Content starts
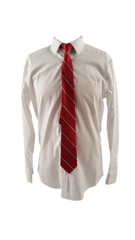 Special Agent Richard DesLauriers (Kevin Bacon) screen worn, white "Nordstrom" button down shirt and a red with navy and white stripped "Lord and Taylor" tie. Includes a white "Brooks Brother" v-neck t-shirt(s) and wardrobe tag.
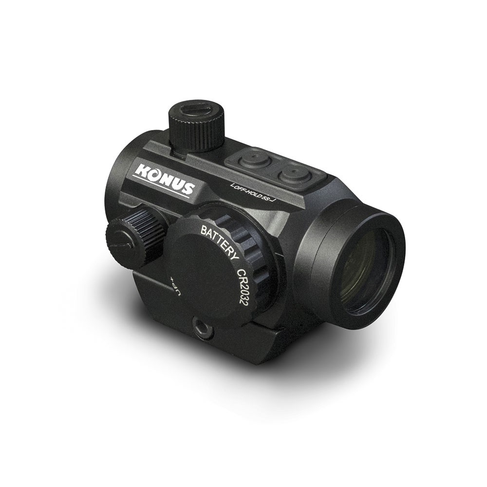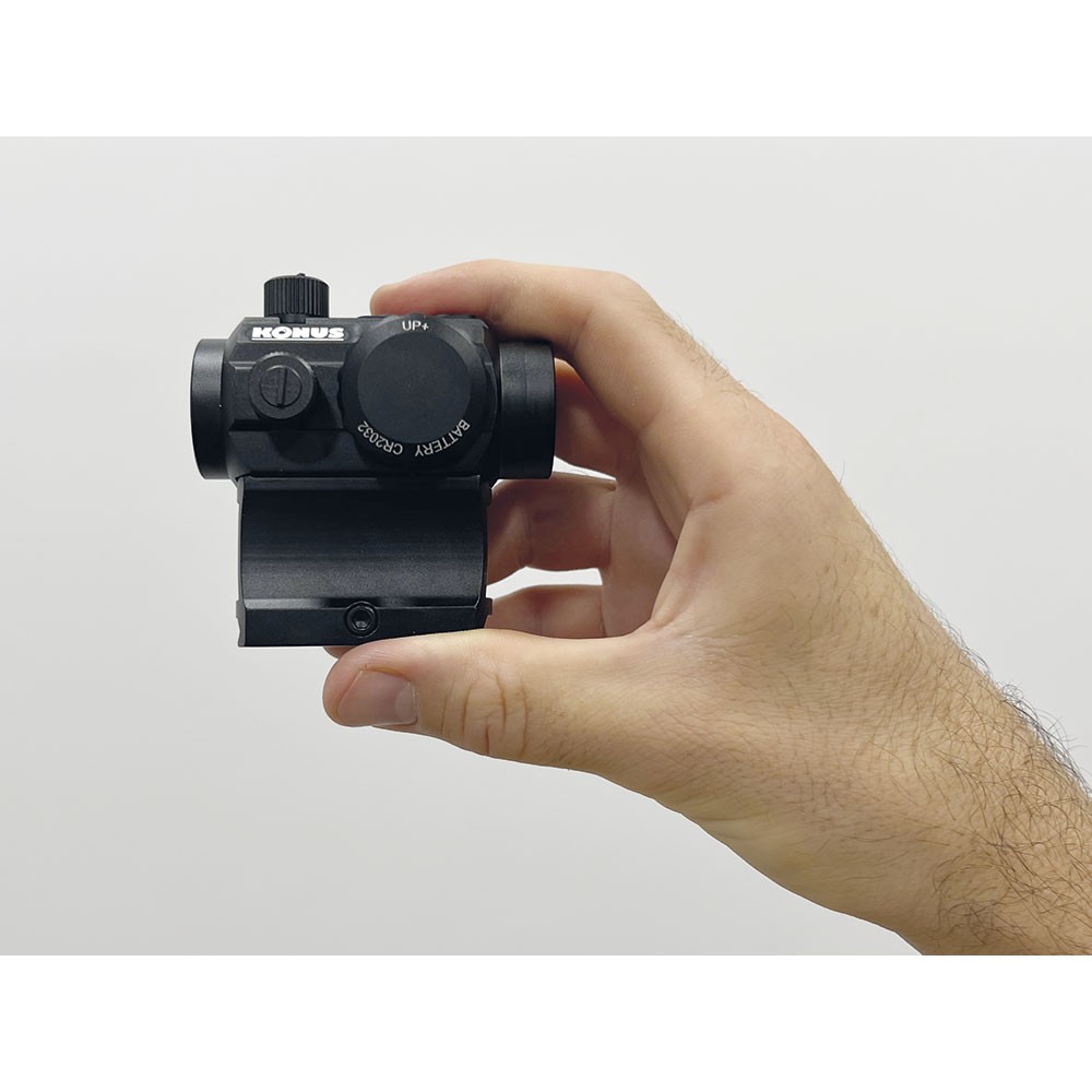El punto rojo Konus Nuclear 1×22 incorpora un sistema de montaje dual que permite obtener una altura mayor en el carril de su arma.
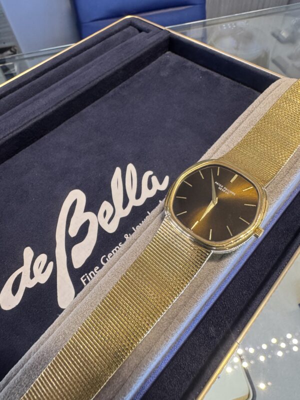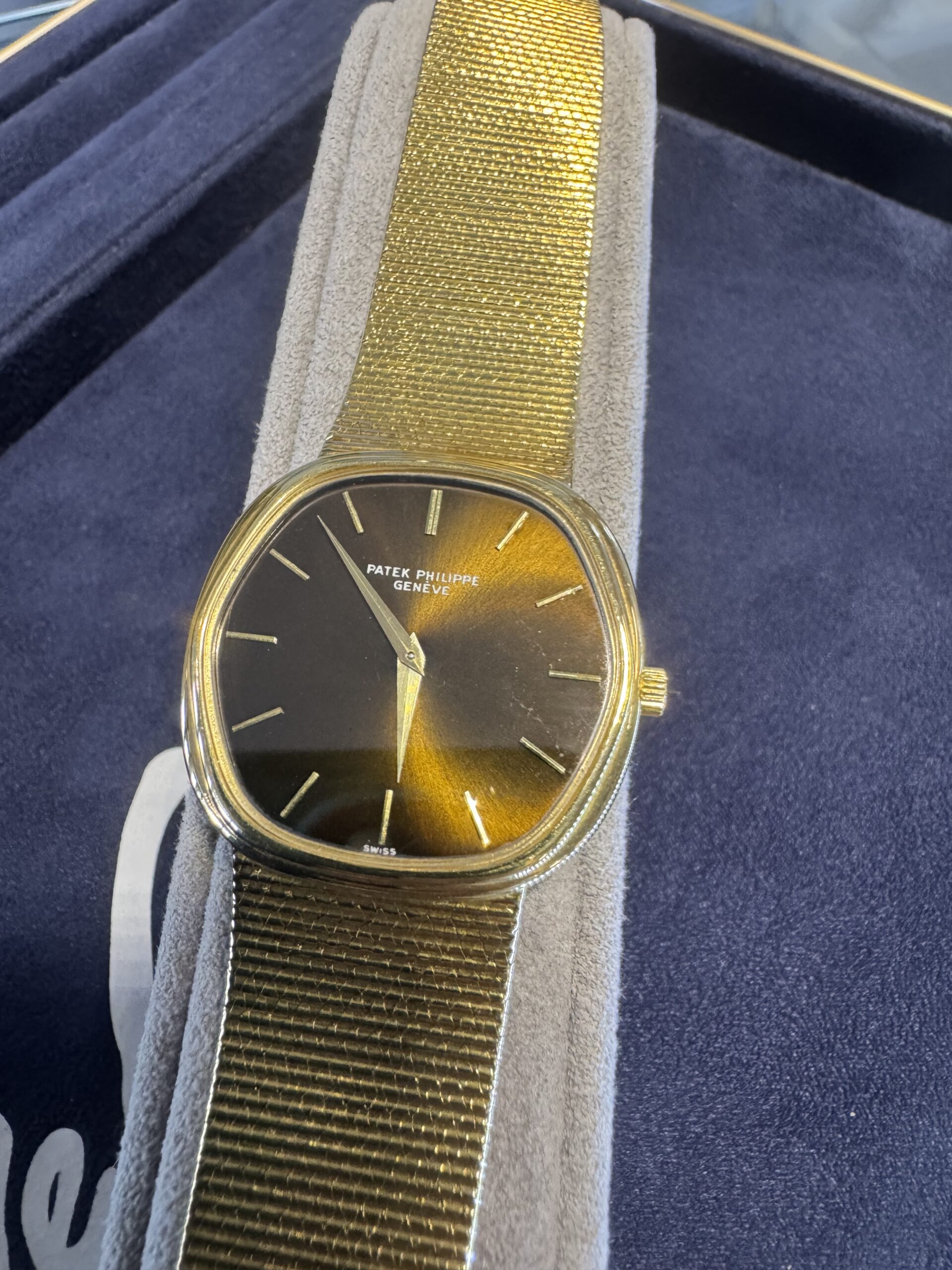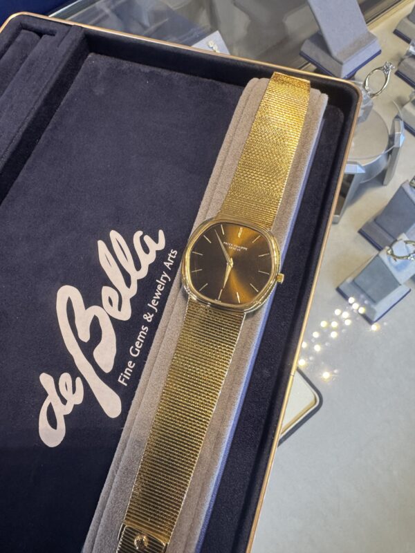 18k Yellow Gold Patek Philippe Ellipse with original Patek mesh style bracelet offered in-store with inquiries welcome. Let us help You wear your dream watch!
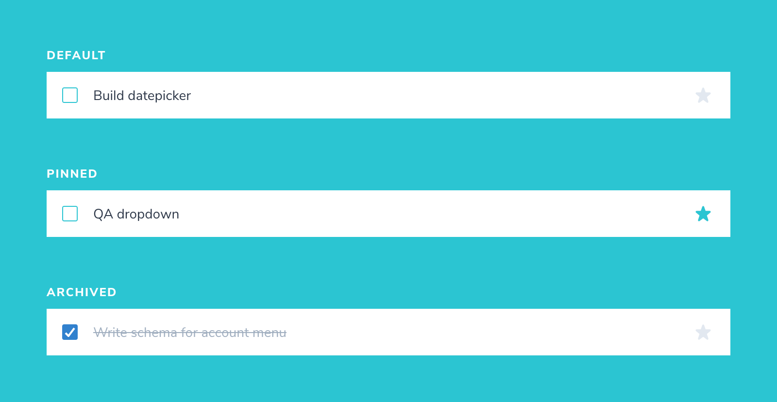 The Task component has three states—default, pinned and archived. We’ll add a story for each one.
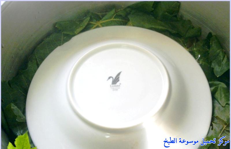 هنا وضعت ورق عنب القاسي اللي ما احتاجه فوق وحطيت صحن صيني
Content ends
§ What you have to do:
Could you output every record above exactly as it appears, without the pictures?

§ Completed task:
 Special Agent Richard DesLauriers (Kevin Bacon) screen worn, white "Nordstrom" button down shirt and a red with navy and white stripped "Lord and Taylor" tie. Includes a white "Brooks Brother" v-neck t-shirt(s) and wardrobe tag.
El punto rojo Konus Nuclear 1×22 incorpora un sistema de montaje dual que permite obtener una altura mayor en el carril de su arma.
 18k Yellow Gold Patek Philippe Ellipse with original Patek mesh style bracelet offered in-store with inquiries welcome. Let us help You wear your dream watch!
 The Task component has three states—default, pinned and archived. We’ll add a story for each one.
 هنا وضعت ورق عنب القاسي اللي ما احتاجه فوق وحطيت صحن صيني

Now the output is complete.